Preemptive Analgesia by Intraperitoneal Instillation of Ropivacaine in Laparoscopic Cholecystectomy.

作者信息

Bindra Tripat Kaur, Kumar Parmod, Rani Parul, Kumar Ashwani, Bariar Hardeep

机构信息

Department of Anaesthesia and Critical Care, Government Medical College, Patiala, Punjab, India.

Department of Surgery, Government Medical College, Patiala, Punjab, India.

出版信息

Anesth Essays Res. 2017 Jul-Sep;11(3):740-744. doi: 10.4103/aer.AER_7_17.

DOI:10.4103/aer.AER_7_17
PMID:28928580
原文链接:https://pmc.ncbi.nlm.nih.gov/articles/PMC5594799/
Abstract

BACKGROUND

Preemptive analgesia has the potential to be more effective than a similar analgesic treatment initiated after surgery as it reduces immediate postoperative pain as well as chronic pain.

AIM

To study the efficacy of preemptive analgesia with intraperitoneal instillation of ropivacaine in laparoscopic cholecystectomy (LC).

MATERIALS AND METHODS

This prospective randomized double-blind study was conducted on patients undergoing LC. Hundred patients were randomly divided into two groups of fifty each.
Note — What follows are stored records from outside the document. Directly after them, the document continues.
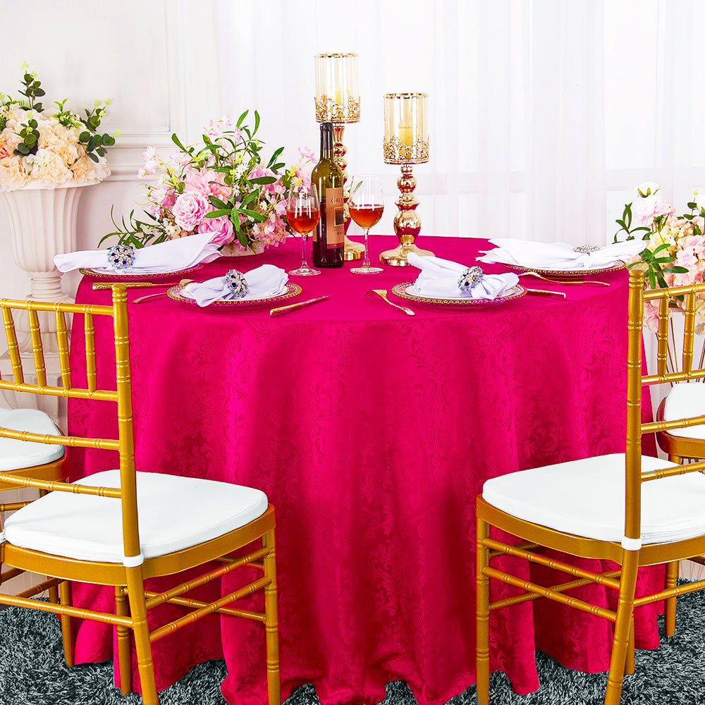 132" Seamless Round Floral Damask Jacquard Polyester (240 GSM) Tablecloth - Fuchsia (1pc)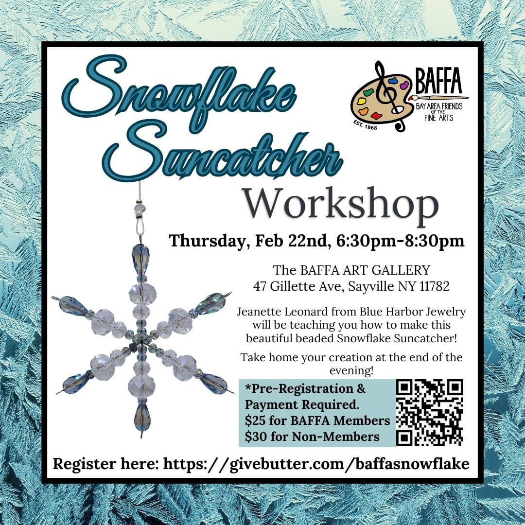 The BAFFA Art Gallery invites to join Jeanette Leonard, of Blue Harbor Jewelry, at a Snowflake Suncatcher Workshop at the Gallery on February 22, from 6:30 to 8:30 PM. Learn how to create a beautiful, beaded Snowflake Suncatcher. Take home your completed suncatcher at the end of the evening. The cost for the workshop is $25.00 for BAFFA members and $30.00 for non-members. Pre-registration and payment are required. Register at https://givebutter.com/baffasnowflake. The BAFFA Art Gallery is located in the Gillette House at 47 Gillette Avenue in Sayville.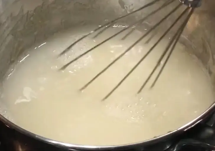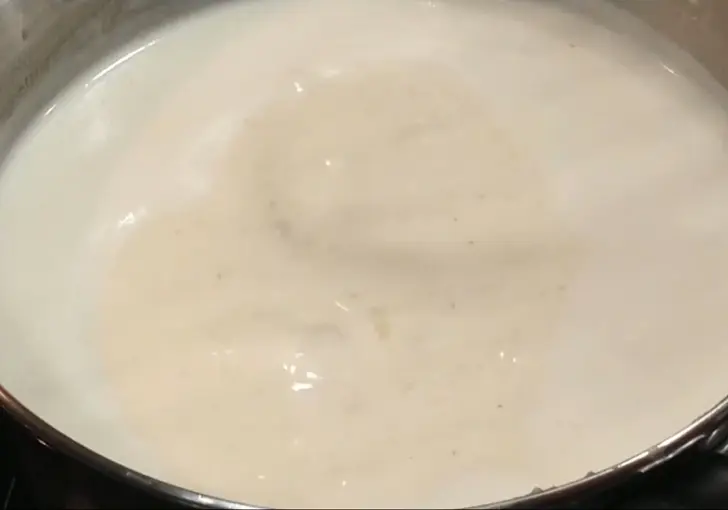 Slowly pour in the chicken broth, stirring constantly to prevent lumps. The mixture will begin to thicken almost immediately. Let it simmer for 10 minutes, stirring every 1–2 minutes so it doesn’t stick to the bottom. The sauce should become smooth, creamy, and thick.
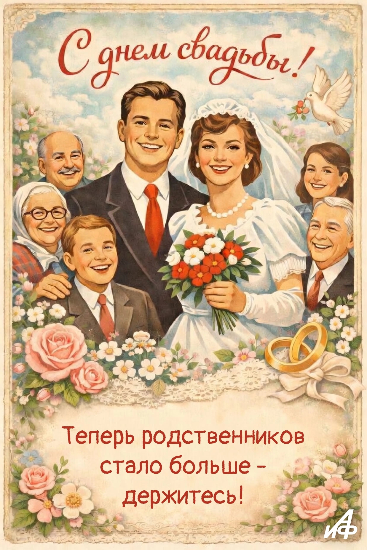 Красивые открытки с яркими образами и важными словами в день свадьбы рассылают мамы и папы новобрачных, а также бабушки и дедушки, тети и дяди, братья и сестры, двоюродные, троюродные и совсем дальние родственники. Вся огромная семья!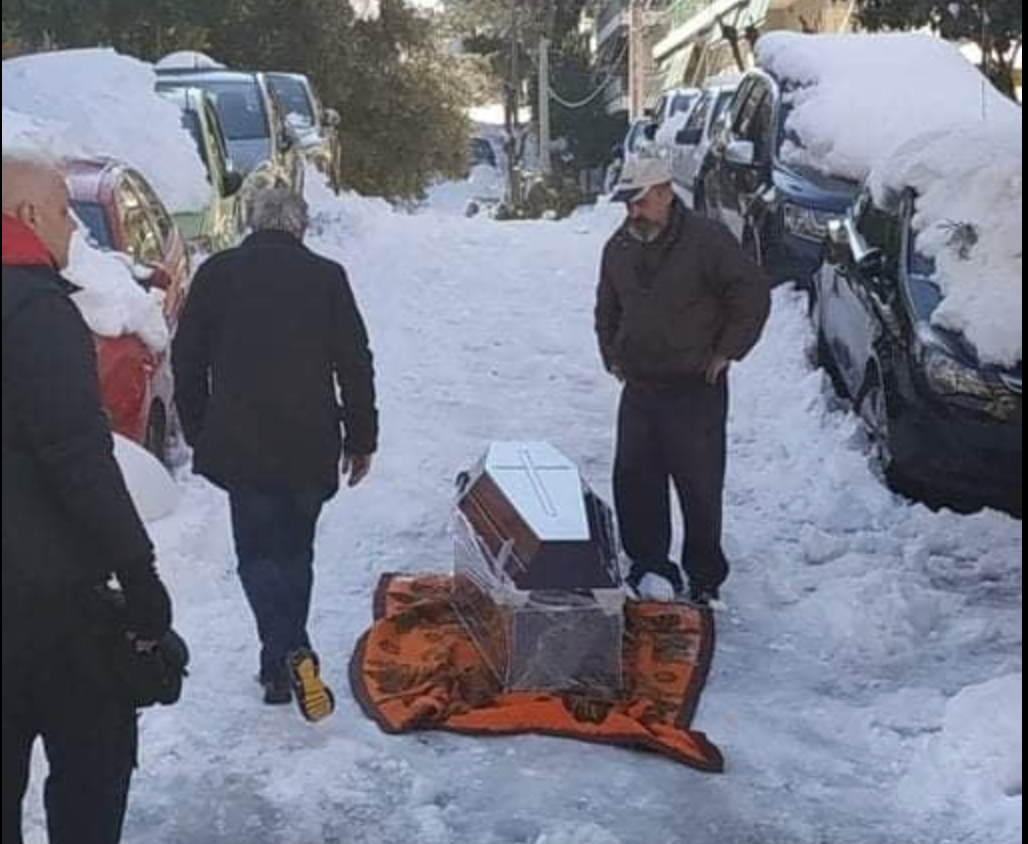 Μια εικόνα κάνει το γύρο των social. Σε μια μέρα με άλλους 115 νεκρούς από την πανδημία κάποιοι άνθρωποι στου Ζωγράφου σέρνουν κυριολεκτικά στο χιόνι ένα φέρετρο. Το χιόνι είναι δεν είναι είκοσι πόντους εκεί πάνω. Η εικόνα δεν είναι στο Κοσσυφοπέδιο, ούτε στις γειτονιές των Τσιγγάνων της Ρουμανίας το περιστατικό. Είναι σε μια αστική γειτονιά μιας ιστορικής πρωτεύουσας.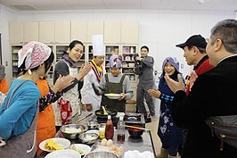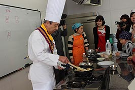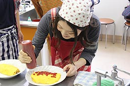 ![]() 北橋氏の実演 | ![]() オムライスを作る | ![]() メッセージをケチャップで書く |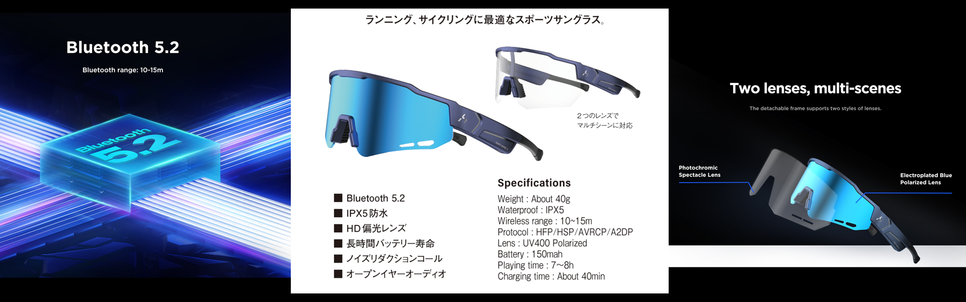 ラン・サイクル用 Bluetooth スポーツサングラス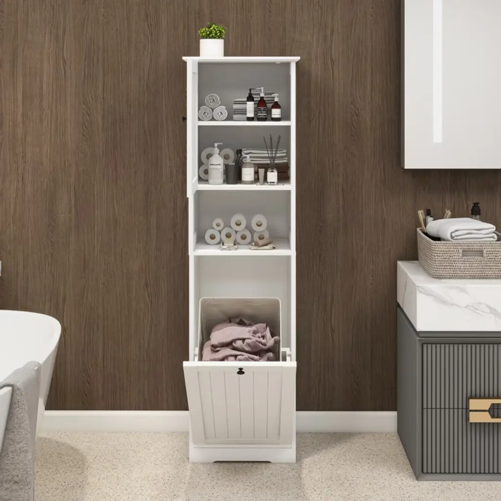 Kwpzqeb Tilt-out Laundry Sorter Cabinet, Standing Laundry Sorter Cabinet With Barn Door & Storage Shelf, Bathroom Cabinet For Bathroom, Laundry Room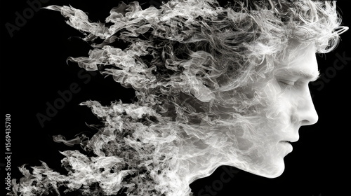 This artwork depicts the abstraction of a human face merging with swirling smoke, conveying themes of anger, transformation and fluidity. The ethereal forms suggest movement and change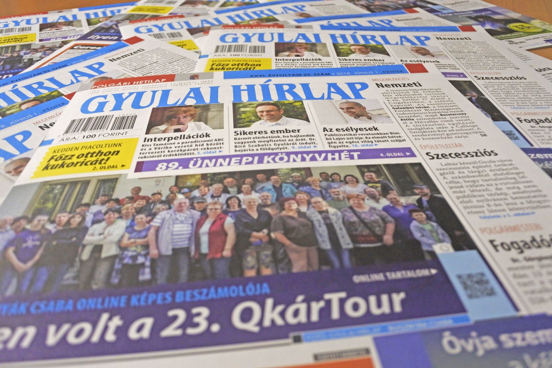 A friss Gyulai Hírlapban többek között beszámolunk a képviselő-testület május 24-i ülésének interpellációs órájáról. A grémium tanácskozásán szóba kerültek a kátyúk és a rossz állapotú utak, valamint a gyulavári gyógyszertár nyitvatartásáról és a Gyulai Termál FC pénzügyeiről is kérdeztek a képviselők. Címlapfotónk ízelítő Rusznyák Csaba galériájából, aki többedmagával a 23. QkárTour-on járt. Heti lapszámunkban olvashatnak a készülő térképről, amely Gyula szecessziós értékeit hivatott bemutatni, de írtunk Hurguly-Szabó Györgyről is – ismertebb nevén Andor bohócról – aki két elektromos kerekesszéket ajándékozott sérült gyermeknek. Lapunkban hírt adtunk arról, hogy felavatták a Bay Zoltánról készült portrét a városházán, valamint olvasható egy interjú dr. Bíró Szabolccsal. Az újságból természetesen a sport, a jegyzet és az állandó rovatok sem hiányozhatnak.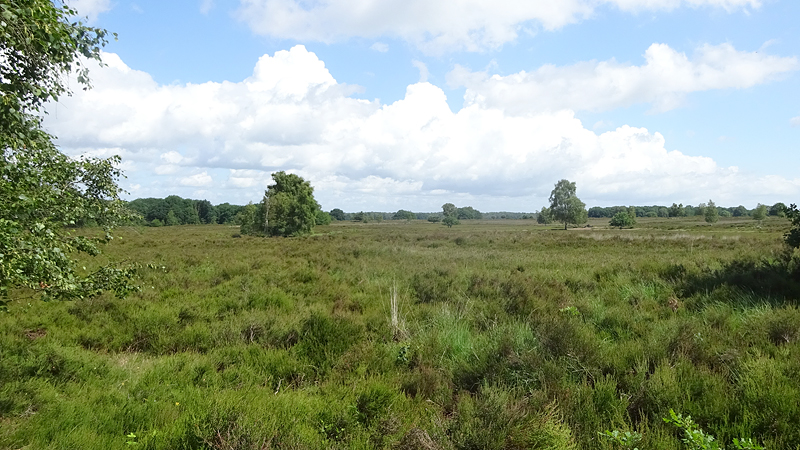 Volgens buienradar zou het net na aankomst in Garderen gaan regenen. Als we aankomen, maken we alles dus snel klaar en ik ga vast van start voor de loopronde. Inderdaad begint het meteen te gieten. Echt keihard en ik ben in een oogwenk behoorlijk nat. Maar hoe minder je aanhebt, hoe minder vervelend het eigenlijk is. Omdat het niet koud is, is het voor woef ook niet zo erg. Ik hobbel dus vrolijk door maar ben blij met mijn mafate speed schoenen omdat je daar prima grip mee hebt op natte grond. Dit is alweer mijn derde paar maar ik heb in Nederland er nog niet eerder mee gelopen omdat beide andere paren altijd alweer retour winkel waren voordat ik terug keerde naar Nederland na mijn Schotland runs waar steevast de hele upper uit elkaar scheurde. Na een tijdje komt S. me ook weer achterop fietsen. Dat duurde best nog even voordat hij weer bij me is maar nu kunnen we weer samen door. Wafje loopt ook dapper mee door de regen. Grappig genoeg zijn het echt buien, want na de keiharde regen, klaart het ook weer even op en soms komt zelfs de zon tevoorschijn. We lopen eerst door het bos en slaan na een kilometer of 5 weer rechtsaf richting de schaapskooi in Ermelo. Daar lopen we even een stukje over de heide met rul zand.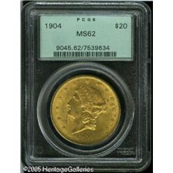 <B>1904 $20 MS62 PCGS.</B></I> Orange-gold colored with shifty luster that jumps from field to fields with tilted under a light. Lot:9352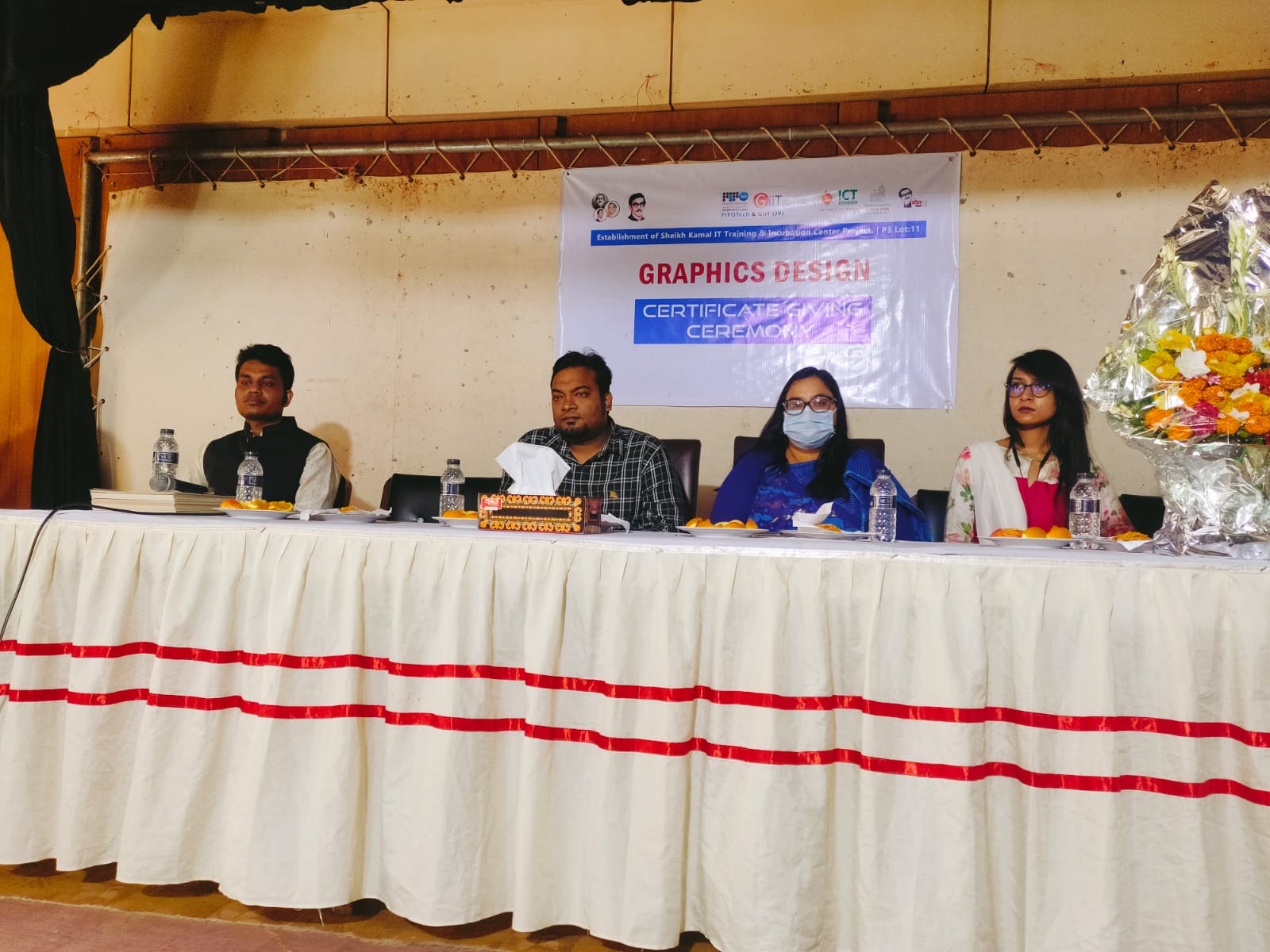 আইসিটি ডিভিশন এর আওতায়, বাংলাদেশ হাই-টেক পার্ক কর্তৃক নিয়ন্ত্রণাধীন, শেখ কামাল আইটি ট্রেনিং এন্ড ইনকিউবেশন সেন্টার স্থাপন প্রকল্পের ‘গ্রাফিক্স ডিজাইন’ পরীক্ষায় উত্তীর্ণ প্রশিক্ষণার্থীদের মধ্যে সনদ বিতরণ ও সম্মাননা স্মারক প্রধান করা হয় ৷

In Group A, patients received 3 mg/kg of ropivacaine intraperitoneal instillation in 100 ml normal saline (NS) before creation of pneumoperitoneum and in Group B patients received 3 mg/kg of ropivacaine intraperitoneal instillation in 100 ml NS after completion of surgery. Postoperative visual analog scale score for abdominal and shoulder tip pain alongwith requirement of rescue analgesic were recorded for 24 h.

RESULTS

Significantly lower visual analog scores for pain were observed in Group A versus Group B. Group A reported significantly lower pain at 0 h ( < 0.001), 1 h ( = 0.003), 3 h ( = 0.006), 6 h ( = 0.003), and 12 h ( = 0.001) postoperatively, but the difference was not statistically significant after 12 h. The mean time of first rescue analgesic was 472.8 ± 26.32 min in Group A, as compared with 189 ± 11.87 min in Group B. A significantly lower analgesic requirement was observed in Group A versus Group B throughout the entire study period ( < 0.05).

CONCLUSION

The preemptive analgesia with intraperitoneal instillation of ropivacaine before creation of pneumoperitoneum is much more effective for postoperative pain relief in comparison to intraperitoneal instillation of ropivacaine after completion of surgery.

摘要

背景

超前镇痛有可能比术后开始的类似镇痛治疗更有效,因为它能减轻术后即刻疼痛以及慢性疼痛。

目的

研究腹腔镜胆囊切除术(LC)中腹腔内注入罗哌卡因进行超前镇痛的疗效。

材料与方法

对接受LC的患者进行了这项前瞻性随机双盲研究。100例患者被随机分为两组,每组50例。A组患者在建立气腹前,于100ml生理盐水中腹腔内注入3mg/kg罗哌卡因,B组患者在手术完成后于100ml生理盐水中腹腔内注入3mg/kg罗哌卡因。记录术后24小时腹部和肩部尖端疼痛的视觉模拟评分以及急救镇痛药的使用情况。

结果

与B组相比,A组的疼痛视觉模拟评分显著更低。A组术后0小时(<0.001)、1小时(=0.003)、3小时(=0.006)、6小时(=0.003)和12小时(=0.001)的疼痛显著更低,但12小时后差异无统计学意义。A组首次使用急救镇痛药的平均时间为472.8±26.32分钟,而B组为189±11.87分钟。在整个研究期间,A组的镇痛需求显著低于B组(<0.05)。

结论

与手术完成后腹腔内注入罗哌卡因相比,在建立气腹前腹腔内注入罗哌卡因进行超前镇痛对术后疼痛缓解更有效。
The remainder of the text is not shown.